Question

If \[\dfrac{{{{\left( {1 + i} \right)}^2}}}{{2 - i}} = x + iy\], then find the value of \[x + y\].
A. \[\dfrac{{ - 2}}{5}\]
B. \[\dfrac{6}{5}\]
C. \[\dfrac{2}{5}\]
D. \[\dfrac{{ - 6}}{5}\]

Answer 1

Hint: In this question, for determining the value of \[x + y\], we need to simplify the expression \[\dfrac{{{{\left( {1 + i} \right)}^2}}}{{2 - i}} = x + iy\] and after that we will compare real and imaginary parts of a complex number to determine the value of \[x + y\].

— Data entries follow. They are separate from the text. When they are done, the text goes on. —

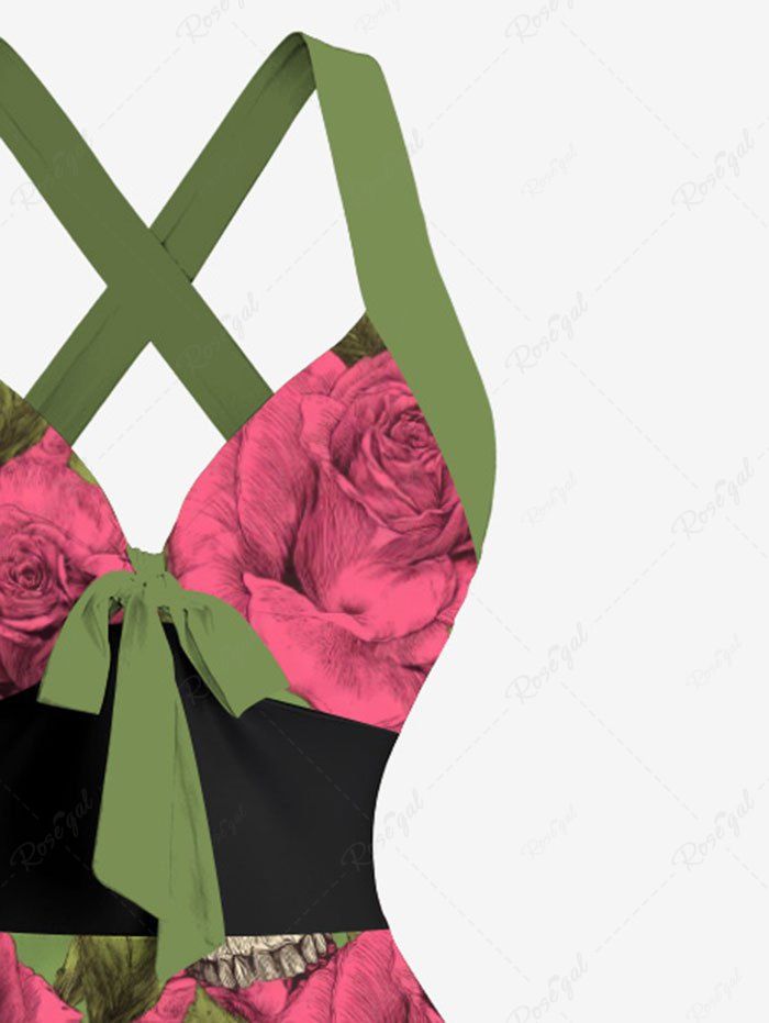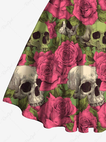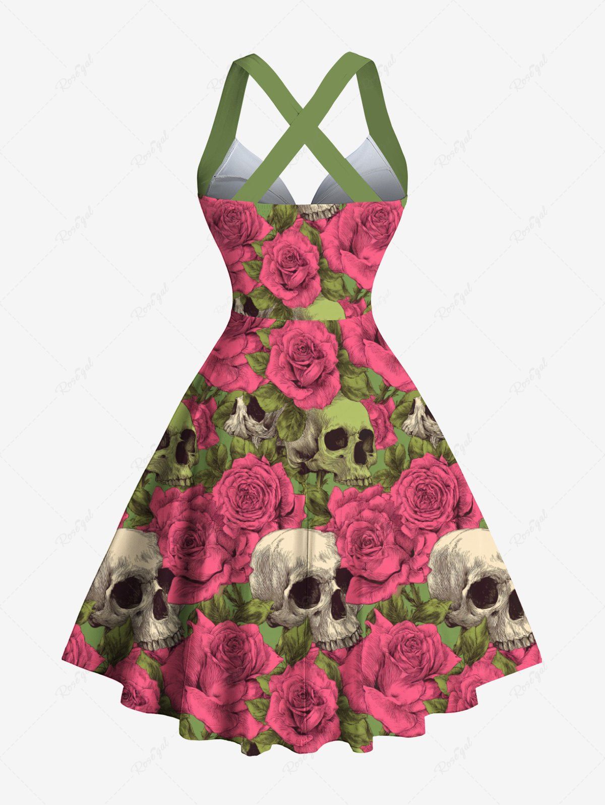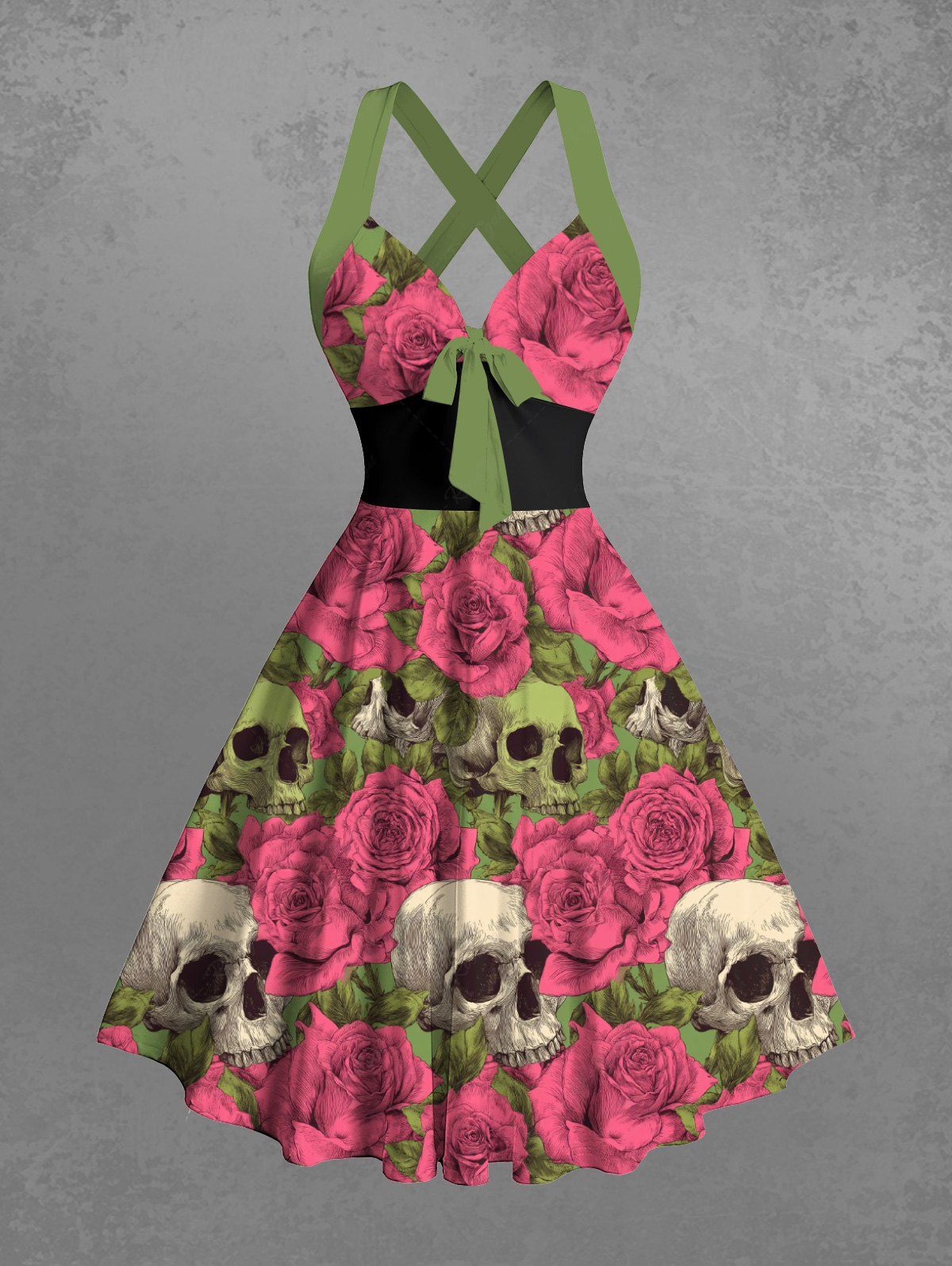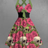 Gothic Skull Rose Flower Print Crisscross Strappy Halter A Line Dress
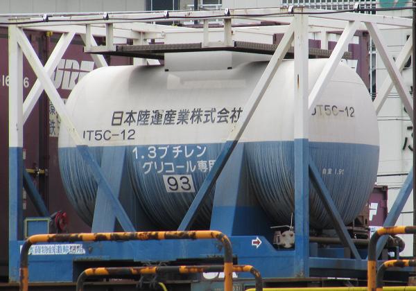有者】 日本陸運産業株式会社 【借受者】 株式会社ダイセルと思われる 【輸送品目】 1.3ブチレングリコール専用 【運用区間】 大竹〜東京(タ) 【その他】 (株)ダイセルは大竹工場の1,3-ブチレングリコールの生産能力を2割増強する。1,3-ブチレングリコールは主に化粧品原料として使用され、アジア を中 心に需要が伸びている。増強は2016年11月に完了する予定。(同社webサイトよ り) 2012.8.11作成 2016.4.2訂補
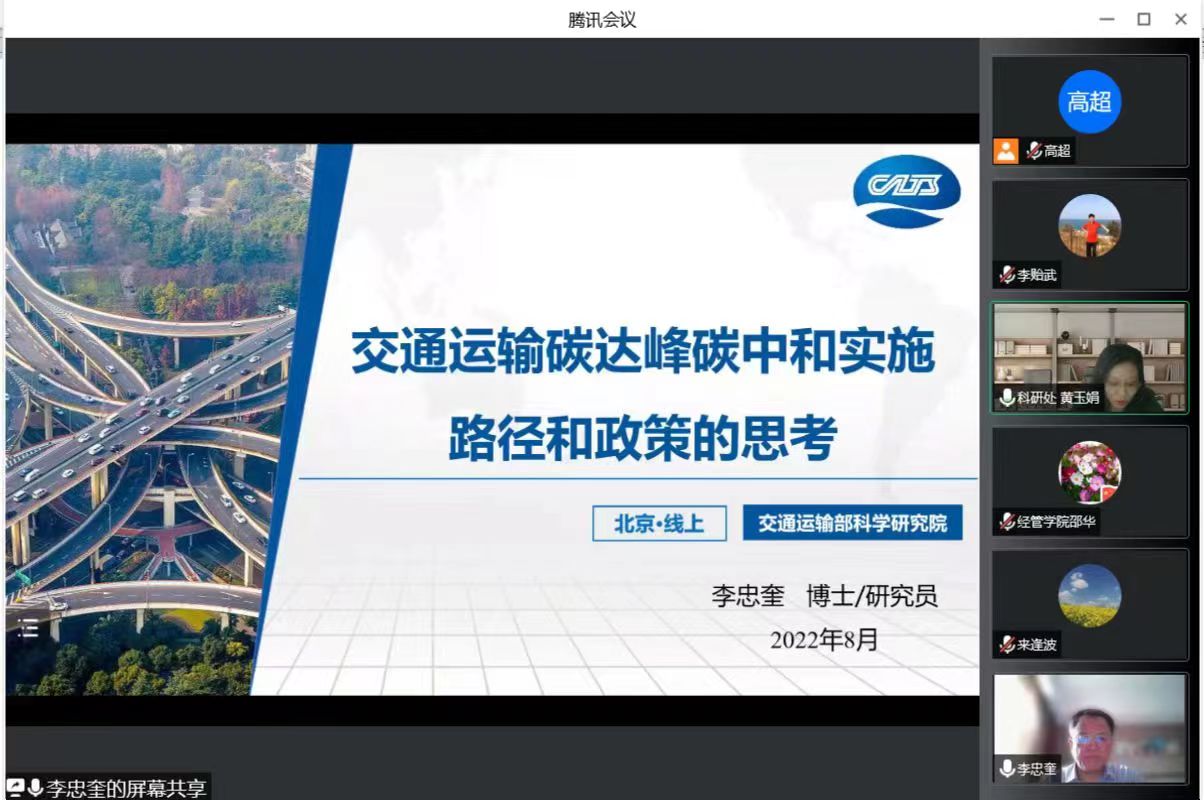 本次研讨会以“双碳交通 强国示范”为主题,围绕交通运输领域政策文件、时政热点、前沿科学问题以及关键技术等开展交流。交通运输部科学研究院交通发展研究中心主任李忠奎作了题为《交通运输碳达峰碳中和路径和政策思考》的报告,解读了碳达峰碳中和相关政策、交通运输领域碳排放计划,介绍了碳达峰碳中和工作推进情况,分析了推动减污降碳协同增效的实施路径;山东省交通规划设计院副院长李贻武作了《<加快建设交通强国山东示范区工作方案>解读》报告,介绍了加快建设交通强国山东示范区的总体要求,并对具体工作任务、推进行动方案和保障措施进行逐一解读;东南大学交通学院副院长刘志远教授以《智慧交通数字孪生中的关键科学问题与技术方法》为题,讲解了交通数字孪生技术的发展进程、关键问题、发展和制约因素以及实际应用案例。

Complete step by step answer: We know that \[\dfrac{{{{\left( {1 + i} \right)}^2}}}{{2 - i}} = x + iy\]
Let us simplify the above expression.
We know that \[{\left( {a + b} \right)^2} = {a^2} + 2ab + {b^2}\]
Thus, we get
\[\dfrac{{1 + 2i + {i^2}}}{{2 - i}} = x + iy\]
Put \[{i^2} = - 1\] in the above expression.
\[\begin{gathered}
  \dfrac{{1 + 2i + \left( { - 1} \right)}}{{2 - i}} = x + iy \\
   \Rightarrow \dfrac{{2i}}{{2 - i}} = x + iy \\
\end{gathered} \]
Now, multiply by \[\left( {2 + i} \right)\] to numerator and denominator.
\[\begin{gathered}
   \Rightarrow \dfrac{{2i\left( {2 + i} \right)}}{{\left( {2 - i} \right)\left( {2 + i} \right)}} = x + iy \\
   \Rightarrow \dfrac{{2i\left( {2 + i} \right)}}{{\left( {{2^2} - {i^2}} \right)}} = x + iy \\
   \Rightarrow \dfrac{{4i + 2{i^2}}}{{\left( {4 - \left( { - 1} \right)} \right)}} = x + iy \\
   \Rightarrow \dfrac{{4i + 2\left( { - 1} \right)}}{{\left( {4 - \left( { - 1} \right)} \right)}} = x + iy \\
\end{gathered} \]
By simplifying, we get
\[\begin{gathered}
   \Rightarrow \dfrac{{4i - 2}}{{\left( 5 \right)}} = x + iy \\
   \Rightarrow \dfrac{{ - 2 + 4i}}{{\left( 5 \right)}} = x + iy \\
   \Rightarrow \dfrac{{ - 2}}{{\left( 5 \right)}} + \dfrac{{4i}}{5} = x + iy \\
\end{gathered} \]
By comparing real part and imaginary part with the right-handed sided complex number, we get
\[x = - \dfrac{2}{5}\]and \[y = \dfrac{4}{5}\]
Let us find the value of \[x + y\]
\[\begin{gathered}
  x + y = \dfrac{{ - 2}}{5} + \dfrac{4}{5} \\
   \Rightarrow x + y = \dfrac{{ - 2 + 4}}{5} \\
   \Rightarrow x + y = \dfrac{2}{5} \\
\end{gathered} \]
Hence, the value of \[x + y\] is \[\dfrac{2}{5}\].

Therefore, the option (C) is correct

Note: Many students make mistakes in solving the calculation part and applying trigonometric identities. This is the only way, through which we can solve the example in the simplest way. Using proper trigonometric identities is necessary for solving trigonometric problems as this makes them simple.